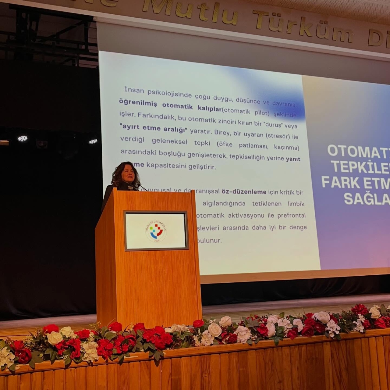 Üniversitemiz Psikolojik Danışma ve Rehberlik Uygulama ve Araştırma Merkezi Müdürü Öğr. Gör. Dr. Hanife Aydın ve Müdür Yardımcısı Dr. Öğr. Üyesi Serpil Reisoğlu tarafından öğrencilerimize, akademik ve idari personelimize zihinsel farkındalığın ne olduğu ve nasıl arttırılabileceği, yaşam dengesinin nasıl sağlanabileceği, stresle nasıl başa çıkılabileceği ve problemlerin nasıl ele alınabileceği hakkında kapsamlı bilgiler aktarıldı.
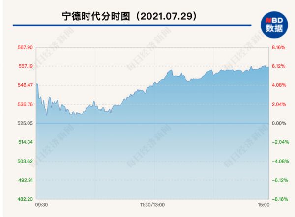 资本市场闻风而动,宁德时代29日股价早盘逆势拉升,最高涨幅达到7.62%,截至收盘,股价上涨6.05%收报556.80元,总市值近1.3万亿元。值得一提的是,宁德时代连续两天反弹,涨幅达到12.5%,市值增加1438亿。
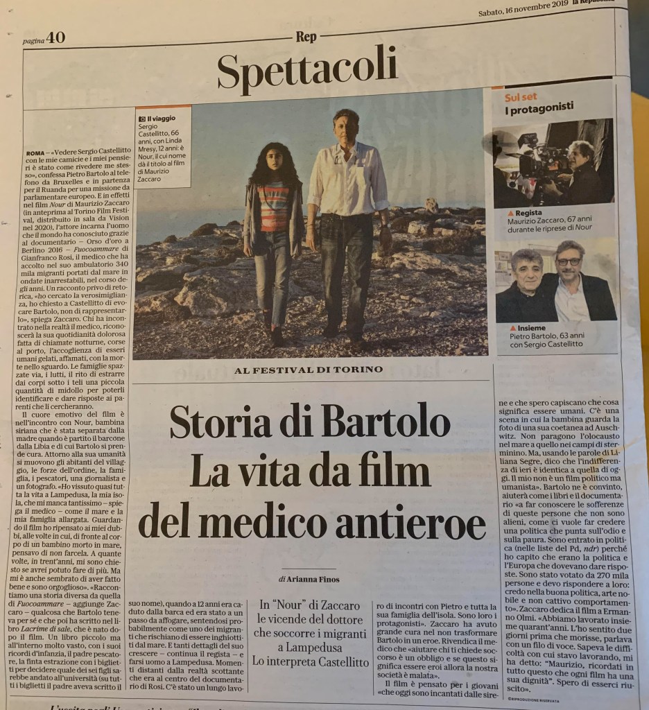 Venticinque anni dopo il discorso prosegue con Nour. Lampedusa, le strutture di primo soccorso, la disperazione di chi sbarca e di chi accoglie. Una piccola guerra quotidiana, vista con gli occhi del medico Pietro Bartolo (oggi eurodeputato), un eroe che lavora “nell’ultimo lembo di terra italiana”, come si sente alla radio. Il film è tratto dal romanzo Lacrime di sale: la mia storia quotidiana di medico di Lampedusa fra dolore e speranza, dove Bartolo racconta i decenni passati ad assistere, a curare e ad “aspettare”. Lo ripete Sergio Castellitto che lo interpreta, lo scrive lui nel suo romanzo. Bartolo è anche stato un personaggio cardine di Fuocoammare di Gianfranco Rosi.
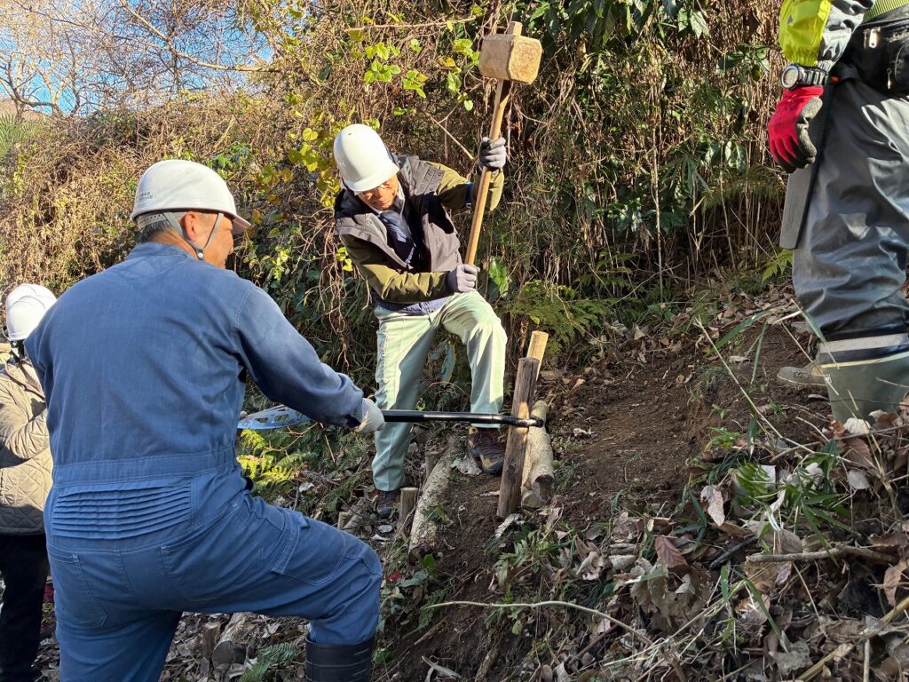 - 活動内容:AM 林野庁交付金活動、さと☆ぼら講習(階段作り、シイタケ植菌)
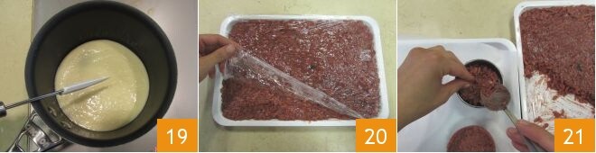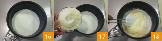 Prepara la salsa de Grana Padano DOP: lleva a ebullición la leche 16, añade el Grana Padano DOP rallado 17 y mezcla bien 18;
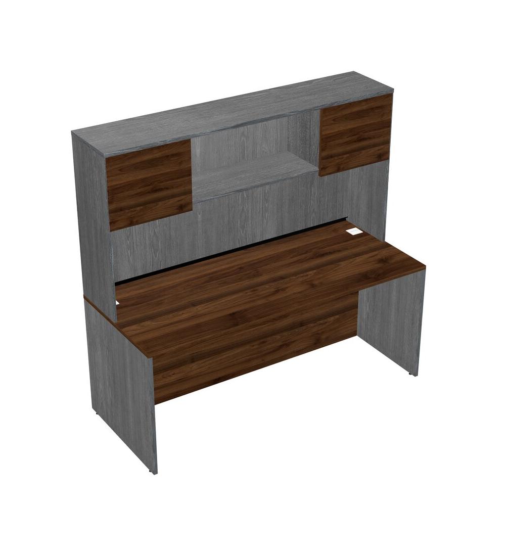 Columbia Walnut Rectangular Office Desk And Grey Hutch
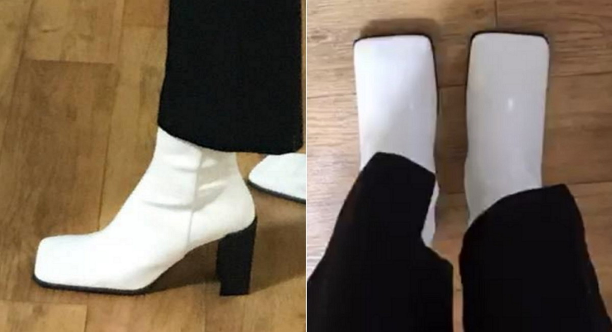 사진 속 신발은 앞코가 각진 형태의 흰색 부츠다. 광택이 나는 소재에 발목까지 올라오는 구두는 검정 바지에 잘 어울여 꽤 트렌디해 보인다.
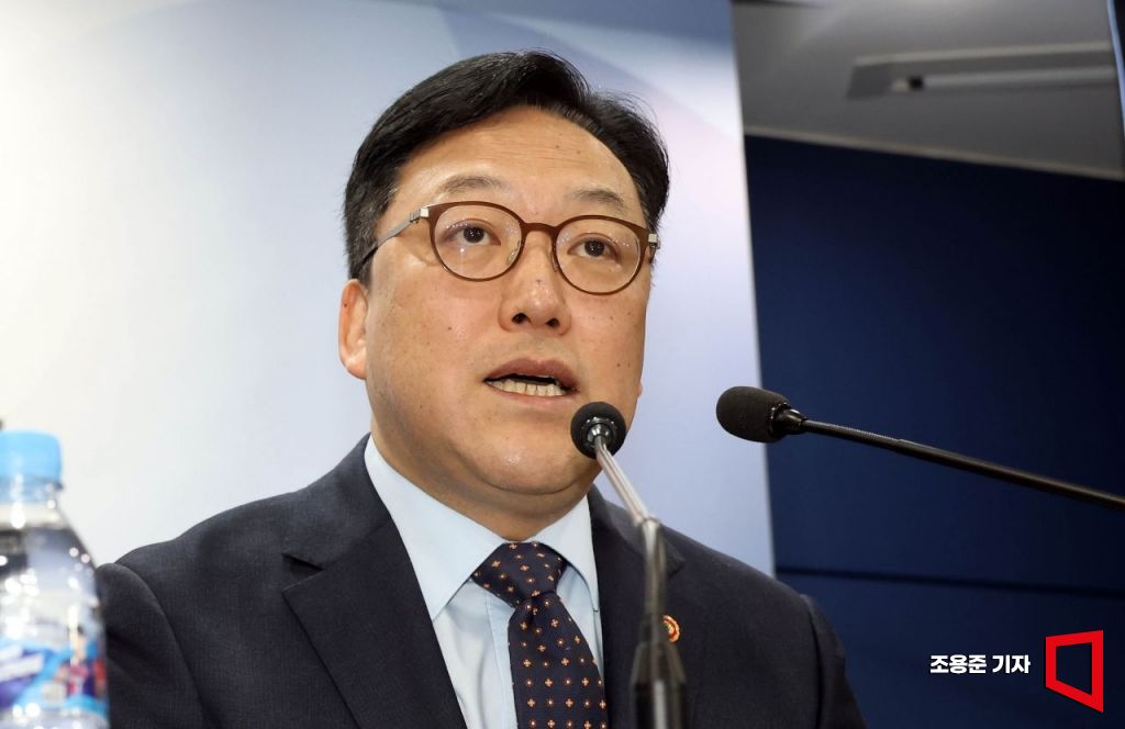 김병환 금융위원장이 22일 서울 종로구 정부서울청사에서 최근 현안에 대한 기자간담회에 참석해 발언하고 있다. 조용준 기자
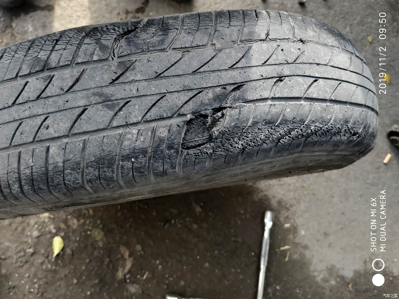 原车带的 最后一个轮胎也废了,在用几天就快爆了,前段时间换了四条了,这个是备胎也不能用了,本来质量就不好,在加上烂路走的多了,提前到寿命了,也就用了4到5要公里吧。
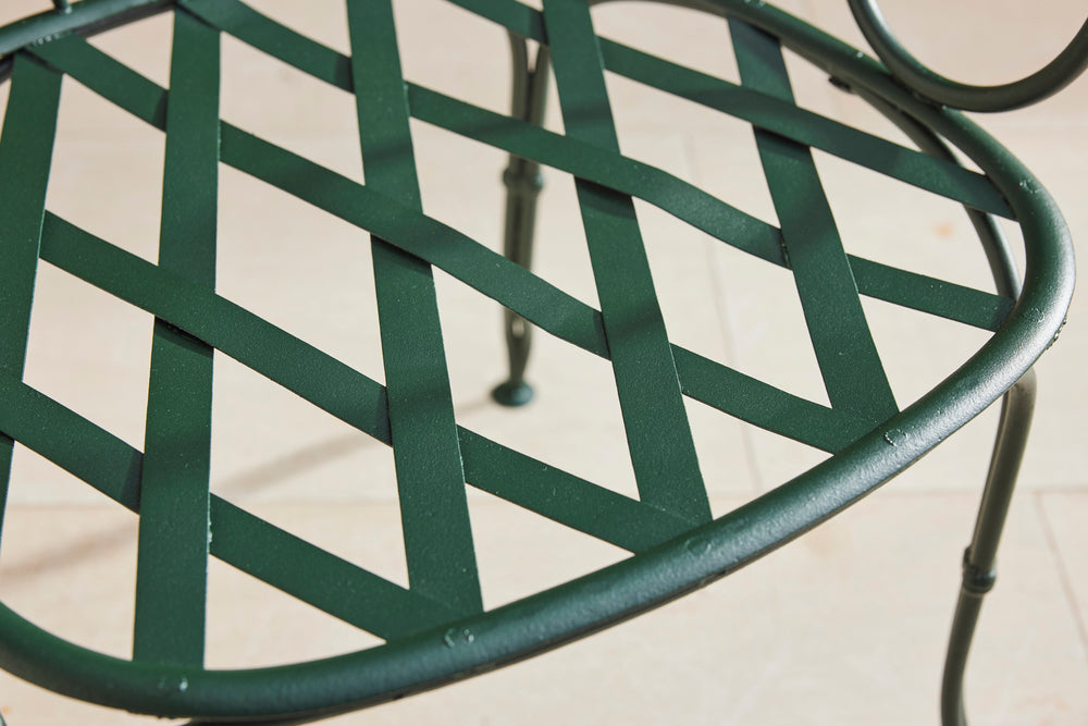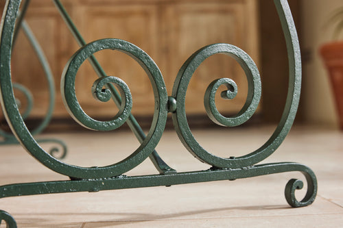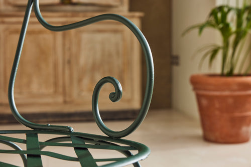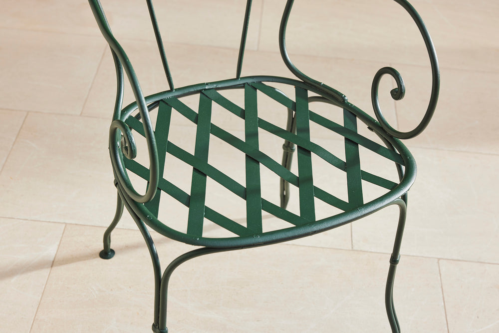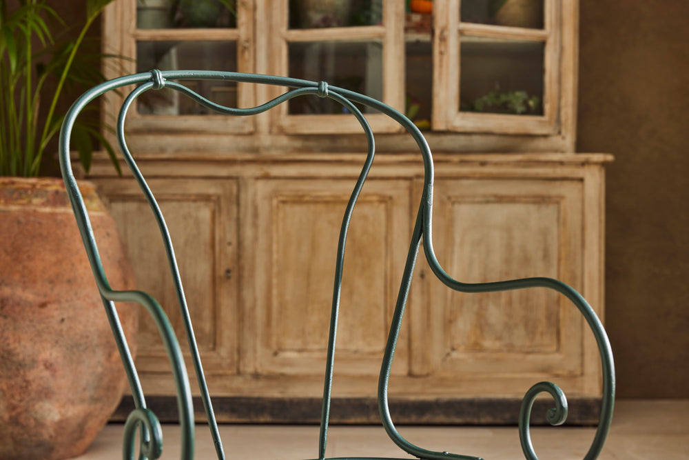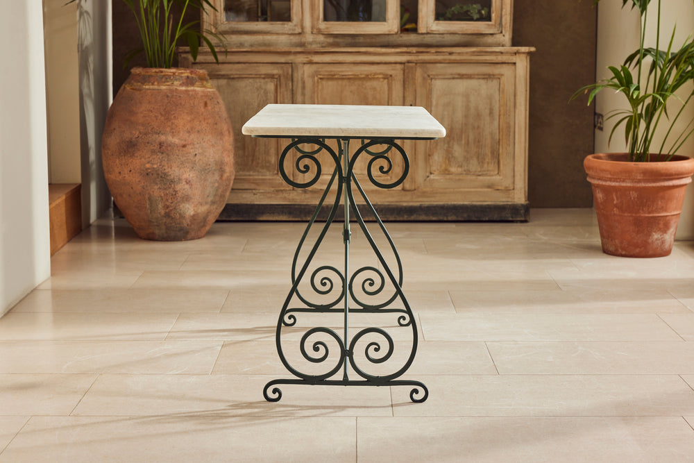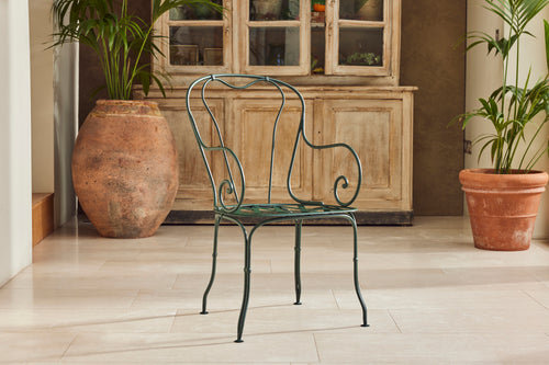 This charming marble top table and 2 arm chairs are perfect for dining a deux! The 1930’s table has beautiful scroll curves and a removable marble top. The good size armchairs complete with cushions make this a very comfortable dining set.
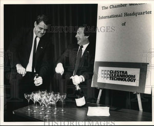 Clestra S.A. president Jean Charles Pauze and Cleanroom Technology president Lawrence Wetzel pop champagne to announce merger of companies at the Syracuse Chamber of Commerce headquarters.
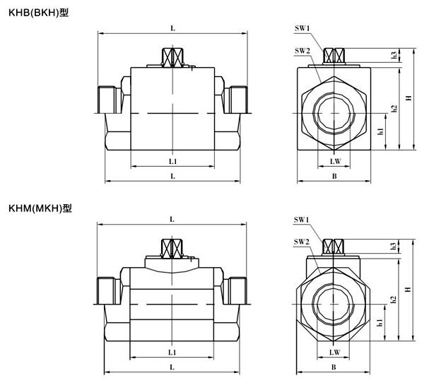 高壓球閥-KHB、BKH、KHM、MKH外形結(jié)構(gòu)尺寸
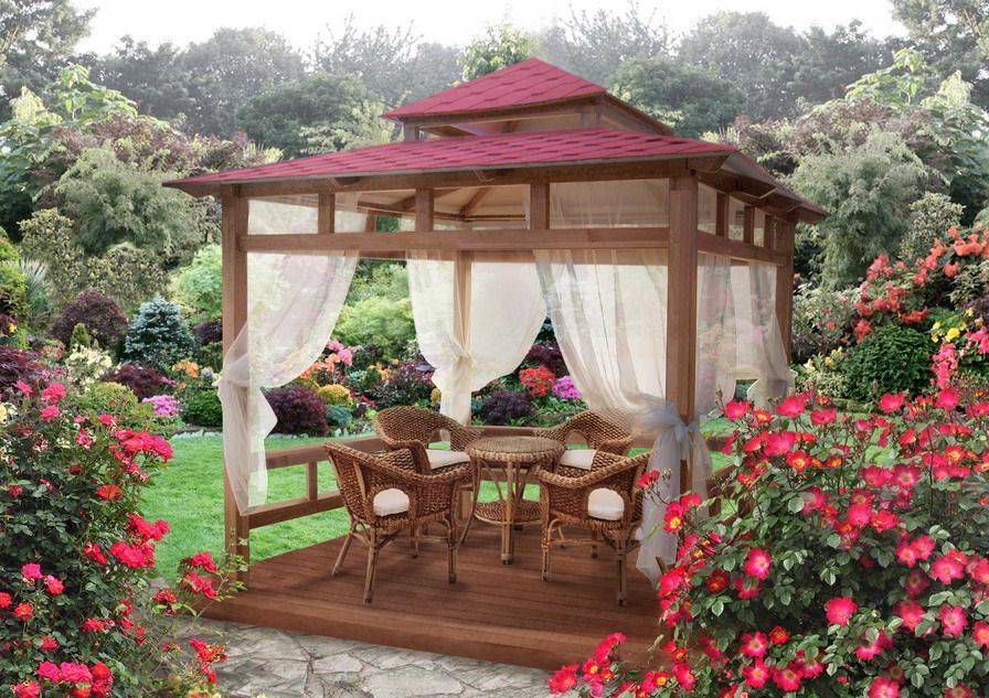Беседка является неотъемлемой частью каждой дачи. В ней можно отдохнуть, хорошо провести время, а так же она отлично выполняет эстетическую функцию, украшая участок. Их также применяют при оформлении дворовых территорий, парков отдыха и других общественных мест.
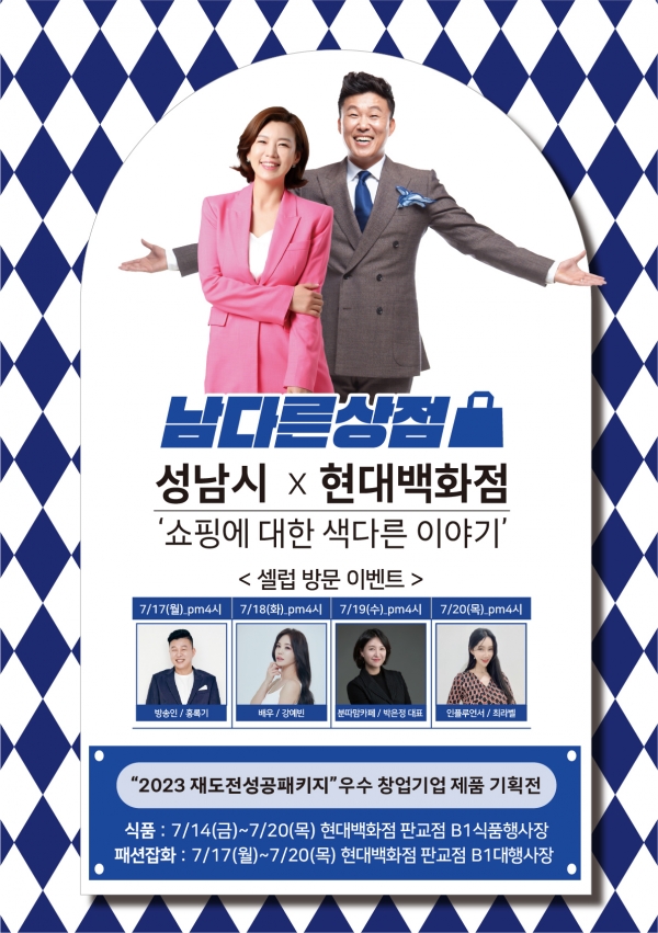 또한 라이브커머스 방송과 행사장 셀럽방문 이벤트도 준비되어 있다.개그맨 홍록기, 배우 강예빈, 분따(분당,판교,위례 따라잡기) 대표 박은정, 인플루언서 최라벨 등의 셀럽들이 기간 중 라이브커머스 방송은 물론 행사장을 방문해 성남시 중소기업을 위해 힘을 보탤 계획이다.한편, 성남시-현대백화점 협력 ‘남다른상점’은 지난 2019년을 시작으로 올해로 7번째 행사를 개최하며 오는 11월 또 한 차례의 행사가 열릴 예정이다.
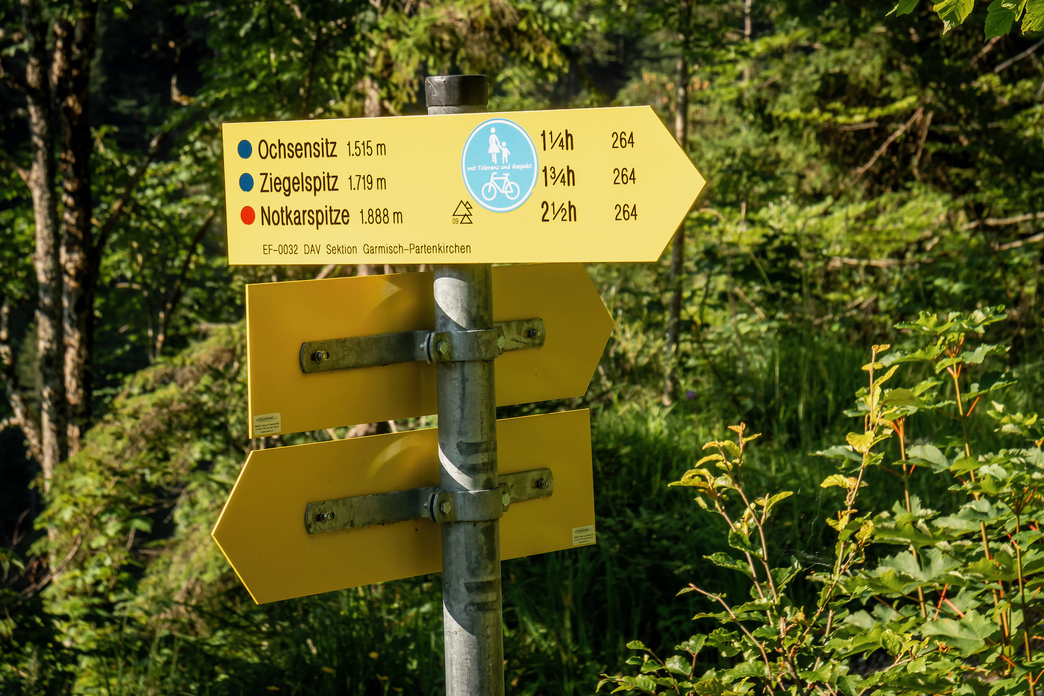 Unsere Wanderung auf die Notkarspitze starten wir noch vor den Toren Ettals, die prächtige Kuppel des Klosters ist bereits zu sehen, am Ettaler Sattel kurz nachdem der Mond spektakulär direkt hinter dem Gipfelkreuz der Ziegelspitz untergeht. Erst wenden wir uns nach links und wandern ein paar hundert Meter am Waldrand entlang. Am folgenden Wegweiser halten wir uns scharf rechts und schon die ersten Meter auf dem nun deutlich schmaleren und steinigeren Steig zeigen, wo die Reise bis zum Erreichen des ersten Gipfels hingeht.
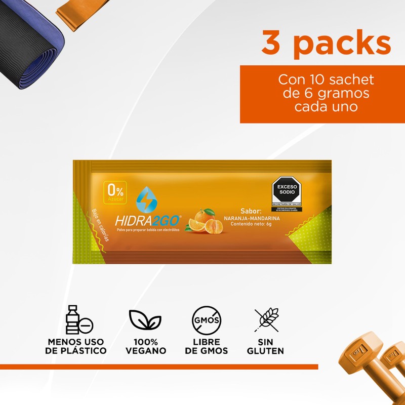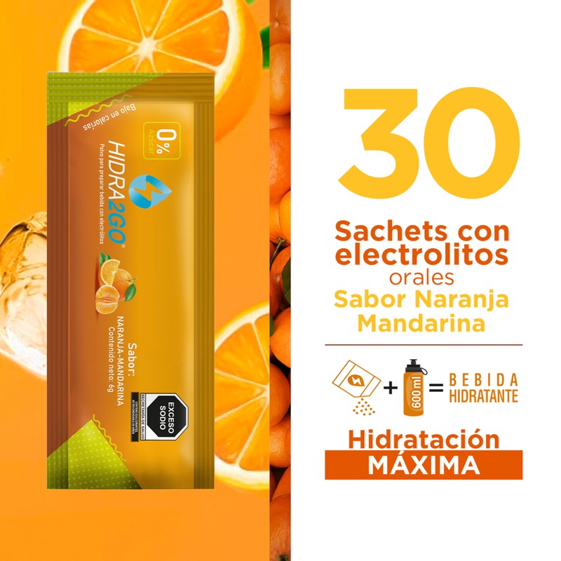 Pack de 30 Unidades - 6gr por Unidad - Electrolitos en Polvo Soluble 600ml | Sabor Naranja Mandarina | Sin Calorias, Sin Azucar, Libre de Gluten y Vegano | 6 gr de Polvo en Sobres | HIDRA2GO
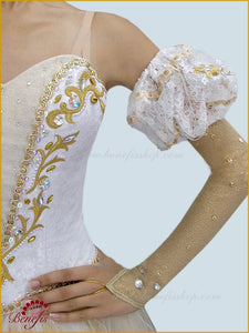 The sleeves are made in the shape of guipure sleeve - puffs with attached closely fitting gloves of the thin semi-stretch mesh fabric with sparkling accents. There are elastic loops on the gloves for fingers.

---*---

The range to set down runs from the line containing "사진 속 신발은 앞코가" through the final line of the data, both ends included; give it exactly and drop the pictures.

Output of the task →
 사진 속 신발은 앞코가 각진 형태의 흰색 부츠다. 광택이 나는 소재에 발목까지 올라오는 구두는 검정 바지에 잘 어울여 꽤 트렌디해 보인다.
 김병환 금융위원장이 22일 서울 종로구 정부서울청사에서 최근 현안에 대한 기자간담회에 참석해 발언하고 있다. 조용준 기자
 原车带的 最后一个轮胎也废了,在用几天就快爆了,前段时间换了四条了,这个是备胎也不能用了,本来质量就不好,在加上烂路走的多了,提前到寿命了,也就用了4到5要公里吧。
 This charming marble top table and 2 arm chairs are perfect for dining a deux! The 1930’s table has beautiful scroll curves and a removable marble top. The good size armchairs complete with cushions make this a very comfortable dining set.
 Clestra S.A. president Jean Charles Pauze and Cleanroom Technology president Lawrence Wetzel pop champagne to announce merger of companies at the Syracuse Chamber of Commerce headquarters.
 高壓球閥-KHB、BKH、KHM、MKH外形結(jié)構(gòu)尺寸
Беседка является неотъемлемой частью каждой дачи. В ней можно отдохнуть, хорошо провести время, а так же она отлично выполняет эстетическую функцию, украшая участок. Их также применяют при оформлении дворовых территорий, парков отдыха и других общественных мест.
 또한 라이브커머스 방송과 행사장 셀럽방문 이벤트도 준비되어 있다.개그맨 홍록기, 배우 강예빈, 분따(분당,판교,위례 따라잡기) 대표 박은정, 인플루언서 최라벨 등의 셀럽들이 기간 중 라이브커머스 방송은 물론 행사장을 방문해 성남시 중소기업을 위해 힘을 보탤 계획이다.한편, 성남시-현대백화점 협력 ‘남다른상점’은 지난 2019년을 시작으로 올해로 7번째 행사를 개최하며 오는 11월 또 한 차례의 행사가 열릴 예정이다.
 Unsere Wanderung auf die Notkarspitze starten wir noch vor den Toren Ettals, die prächtige Kuppel des Klosters ist bereits zu sehen, am Ettaler Sattel kurz nachdem der Mond spektakulär direkt hinter dem Gipfelkreuz der Ziegelspitz untergeht. Erst wenden wir uns nach links und wandern ein paar hundert Meter am Waldrand entlang. Am folgenden Wegweiser halten wir uns scharf rechts und schon die ersten Meter auf dem nun deutlich schmaleren und steinigeren Steig zeigen, wo die Reise bis zum Erreichen des ersten Gipfels hingeht.
 Pack de 30 Unidades - 6gr por Unidad - Electrolitos en Polvo Soluble 600ml | Sabor Naranja Mandarina | Sin Calorias, Sin Azucar, Libre de Gluten y Vegano | 6 gr de Polvo en Sobres | HIDRA2GO
 The sleeves are made in the shape of guipure sleeve - puffs with attached closely fitting gloves of the thin semi-stretch mesh fabric with sparkling accents. There are elastic loops on the gloves for fingers.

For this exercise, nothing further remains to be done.